Now all preparations have been made to switch to the Mii Maker application. At the start of the application the main_hook.elf payload is executed.

The following guarantees can be given to the payload:

  • The payload is called every time an application is started.
  • The payload has access to the SD card.
  • A syscall 0x09 for setting IBAT0 is available.
  • The kern_read (0x34) and kern_write (0x34) syscalls can be used to read or write with kernel privileges.

A similar procedure will be implemented for all further entry points in the future. If the same guarantees are given, the main_hook.elf payload can be used without any modifications. An example implementation for Browser Exploit payload can be found here.

Loading a gerneric payload (main_hook.elf)

In the main_hook.elf the loading of another payload, the payload.elf, from the SD card shall be implemented. This requires that the main_hook.elf payload has access to the SD card, the syscalls for reading and writing with kernel privileges, and the syscall for setting the IBAT register. These requirements are fulfilled using the presented browser exploit payload.

To be able to register the functions of the main_hook.elf as syscall, the IBAT0 register must be set via the corresponding syscall. The original mapping of the used memory area is retained and only execution rights with kernel privileges are added. Then a syscall can be registered, which defines an own, 8 MiB memory area, with full read, write and execution permissions. The syscall is executed on every core of the CPU where it should be available.

// Call this on each CPU Core
static void SCSetupIBAT4DBAT5() {
    asm volatile("eieio; isync");

    // Give our and the kernel full execution rights.
    // 00800000-01000000 => 30800000-31000000 (read/write, user/supervisor)
    unsigned int ibat4u = 0x008000FF;
    unsigned int ibat4l = 0x30800012;
    asm volatile("mtspr 560, %0" : : "r" (ibat4u));
    asm volatile("mtspr 561, %0" : : "r" (ibat4l));

    // Give our and the kernel full data access rights.
    // 00800000-01000000 => 30800000-31000000 (read/write, user/supervisor)
    unsigned int dbat5u = ibat4u;
    unsigned int dbat5l = ibat4l;
    asm volatile("mtspr 570, %0" : : "r" (dbat5u));
    asm volatile("mtspr 571, %0" : : "r" (dbat5l));

    asm volatile("eieio; isync");

The payload.elf is then loaded into this newly defined memory area. The loading of the ELF file can be done by using existing code from the Homebrew Launcher.

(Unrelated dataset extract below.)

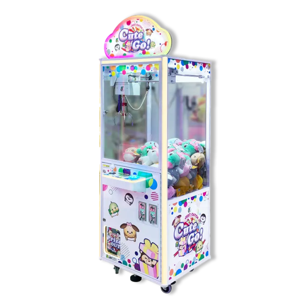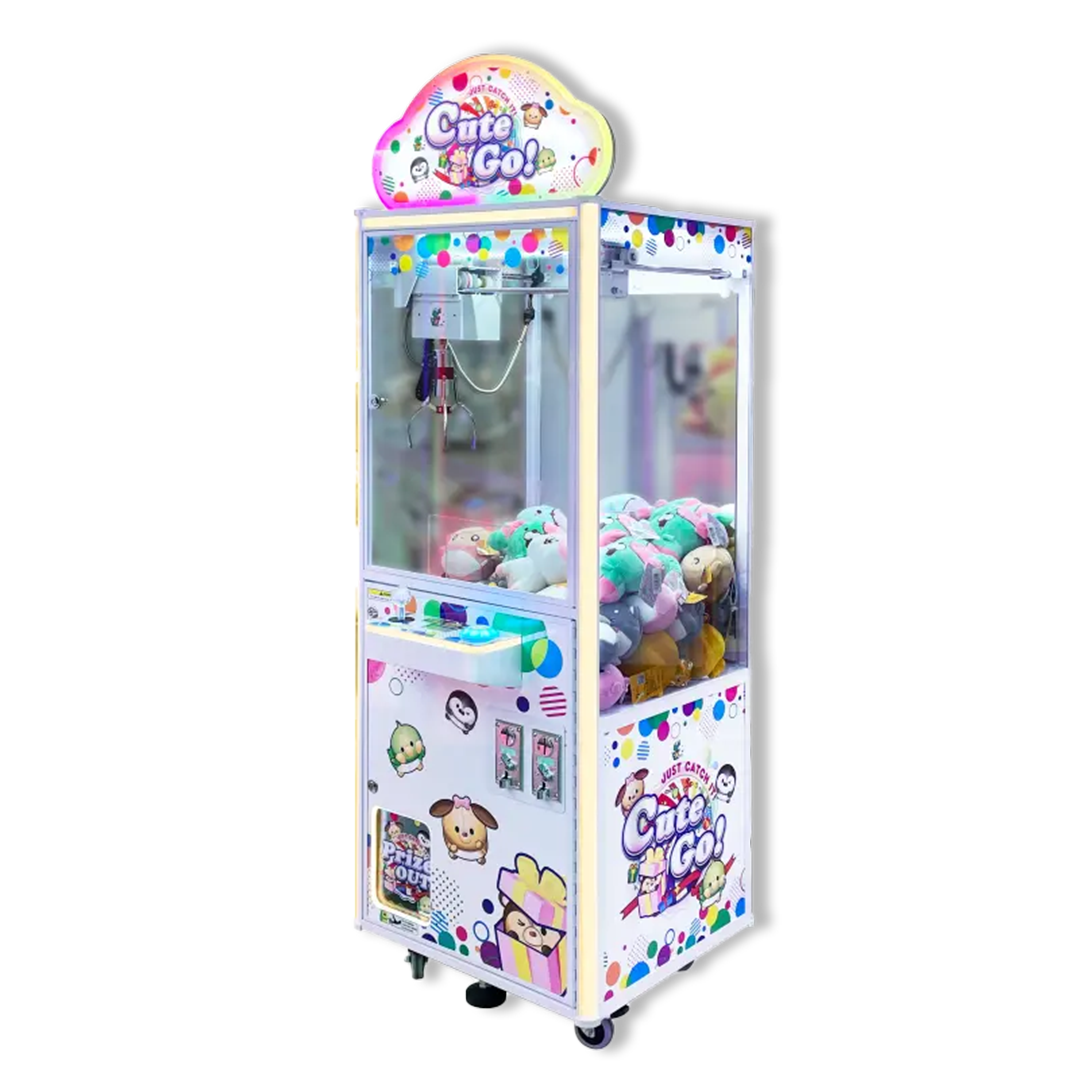 Cute Go ! est une machine à pince d’arcade qui séduit par son design adorable et moderne, pensé pour attirer enfants et adultes. Ses lumières LED multicolores lui permettent de s’intégrer harmonieusement dans tous types d’environnements : salles d’arcade, centres de loisirs ou espaces de divertissement.
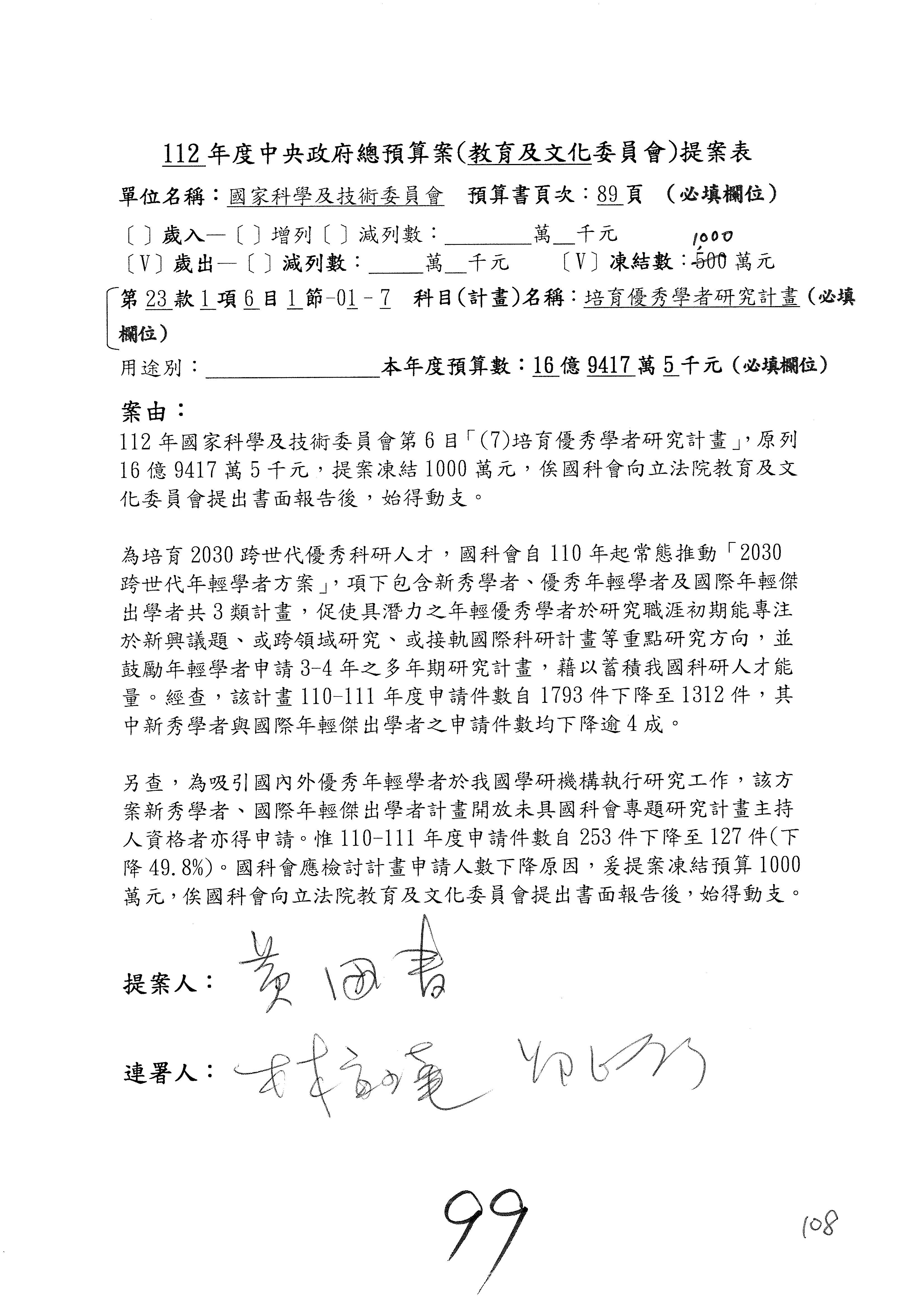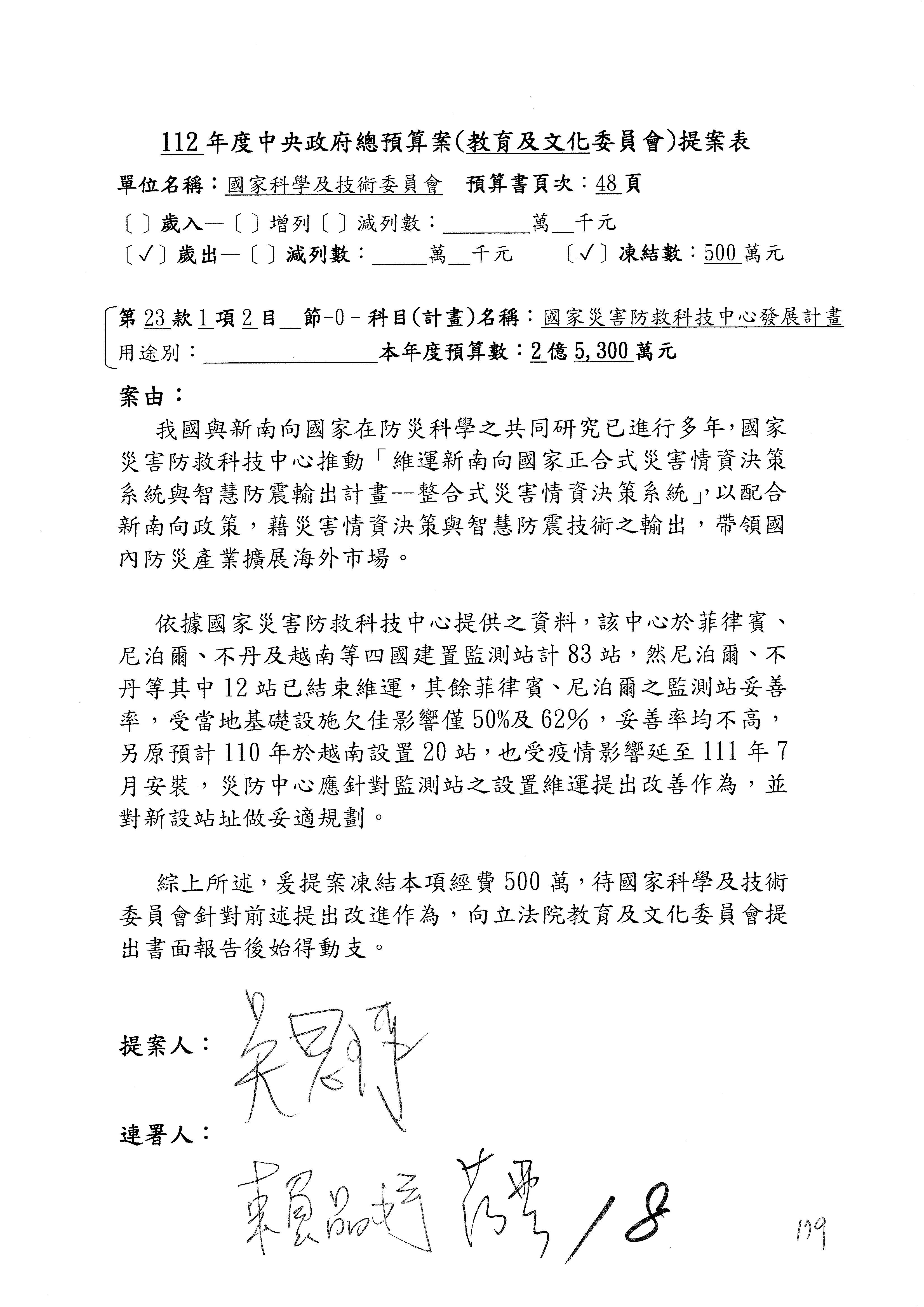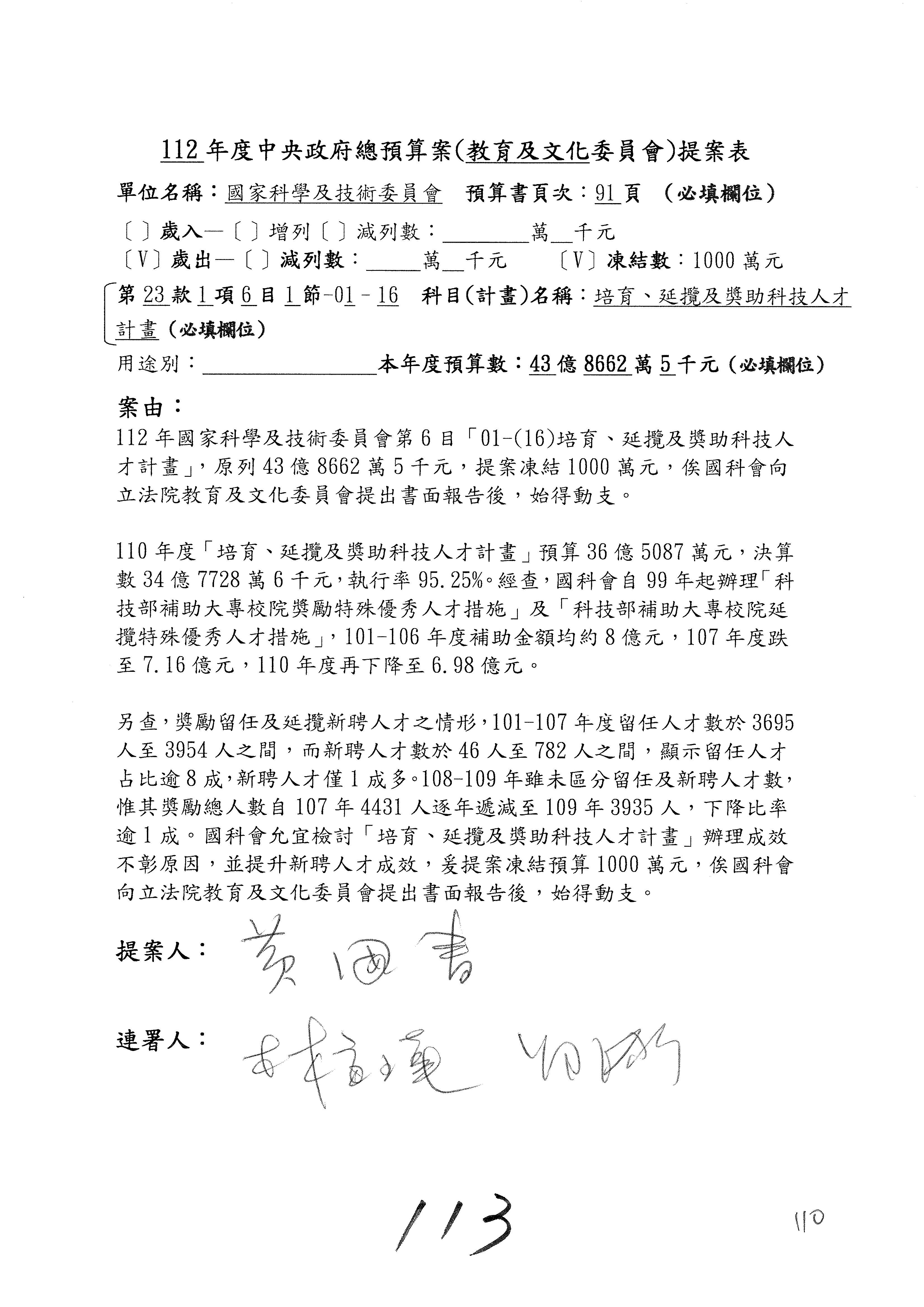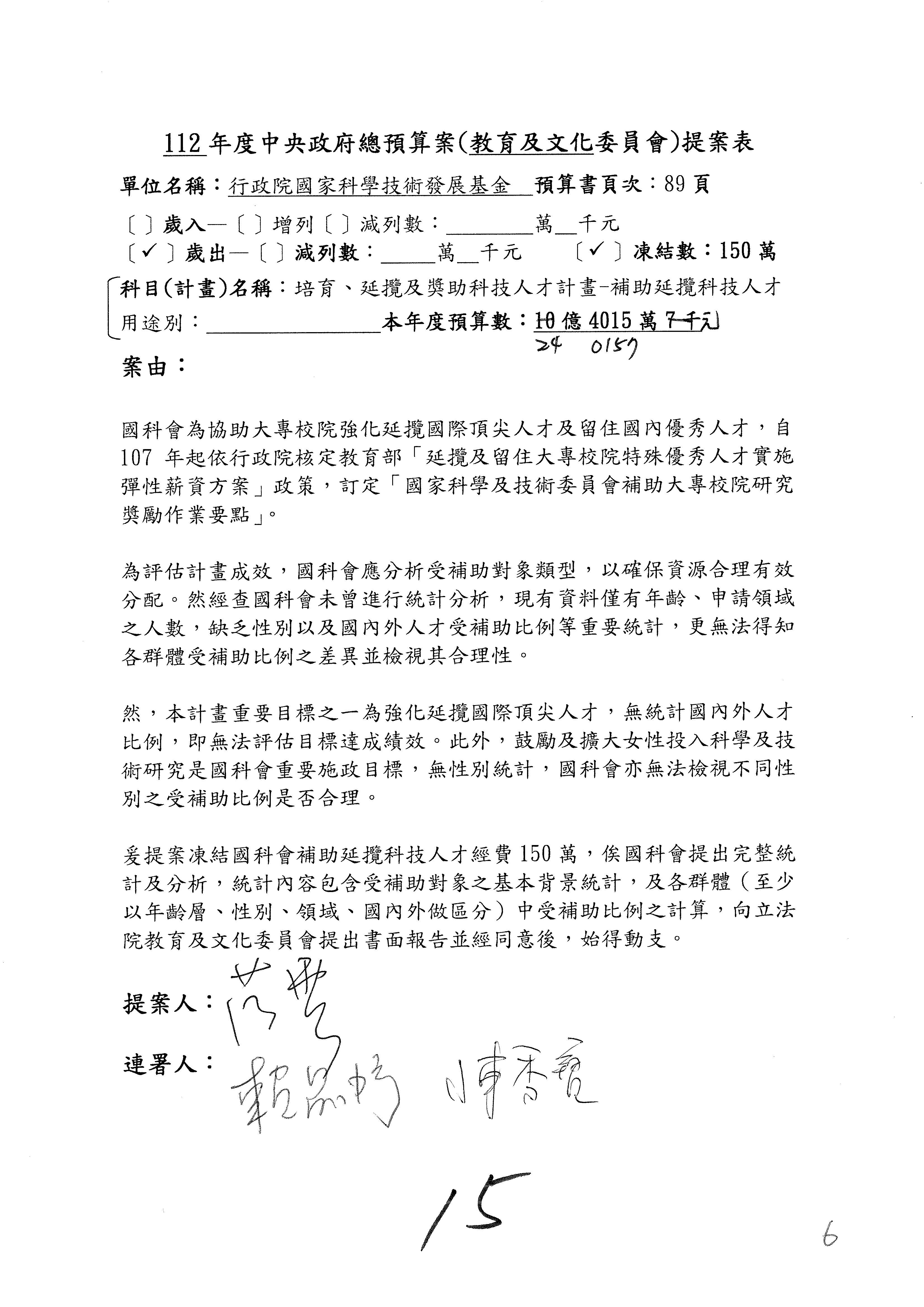 黃委員國書:我有兩案,第5案凍1,000萬元、第6案改主決議。

This allows you to load and execute ELF files that are located on the SD card and have a maximum size of 8MiB. If the SD card cannot be accessed or there is no payload.elf on the SD card, all previous changes are reversed and the system menu is loaded.

Theoretically, the definition of the memory area could be overwritten by the operating system at any time. In order to keep as little logic as possible in the main_hook.elf, the responsibility to prevent this from happening lies with the loaded payload.elf.

An example implementation of the main_hook.elf can be found here.

Backwards compatiblity

Thepayload.elf is an abstract payload and can be used for anything. In order to have backwards compatiblity to the old existing homebrew environment, I ported the homebrew launcher installer as a payload.elf, which can be found here. With this it’s possible to have the stable browser exploit with abstract payload loading, but still using the old environment until the new one is finished.